Task to carry out:
After locating the line with "Bright coloured sport" in the data that follows, return it and every later line exactly, up to and including the line with "Press release dipimpin".

Data excerpts:
· · · · · · ·
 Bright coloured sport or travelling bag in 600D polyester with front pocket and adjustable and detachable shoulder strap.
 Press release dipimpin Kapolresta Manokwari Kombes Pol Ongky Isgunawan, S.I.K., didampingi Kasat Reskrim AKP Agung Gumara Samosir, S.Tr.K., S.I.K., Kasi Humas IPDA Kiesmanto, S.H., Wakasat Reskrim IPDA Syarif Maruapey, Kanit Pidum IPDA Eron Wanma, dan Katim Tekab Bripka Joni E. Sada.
· · · · · · ·
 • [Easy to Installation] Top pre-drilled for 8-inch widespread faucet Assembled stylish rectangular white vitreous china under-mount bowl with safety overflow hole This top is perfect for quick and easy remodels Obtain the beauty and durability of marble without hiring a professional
· · · · · · ·
Answer to this exercise:
 Bright coloured sport or travelling bag in 600D polyester with front pocket and adjustable and detachable shoulder strap.
 Press release dipimpin Kapolresta Manokwari Kombes Pol Ongky Isgunawan, S.I.K., didampingi Kasat Reskrim AKP Agung Gumara Samosir, S.Tr.K., S.I.K., Kasi Humas IPDA Kiesmanto, S.H., Wakasat Reskrim IPDA Syarif Maruapey, Kanit Pidum IPDA Eron Wanma, dan Katim Tekab Bripka Joni E. Sada.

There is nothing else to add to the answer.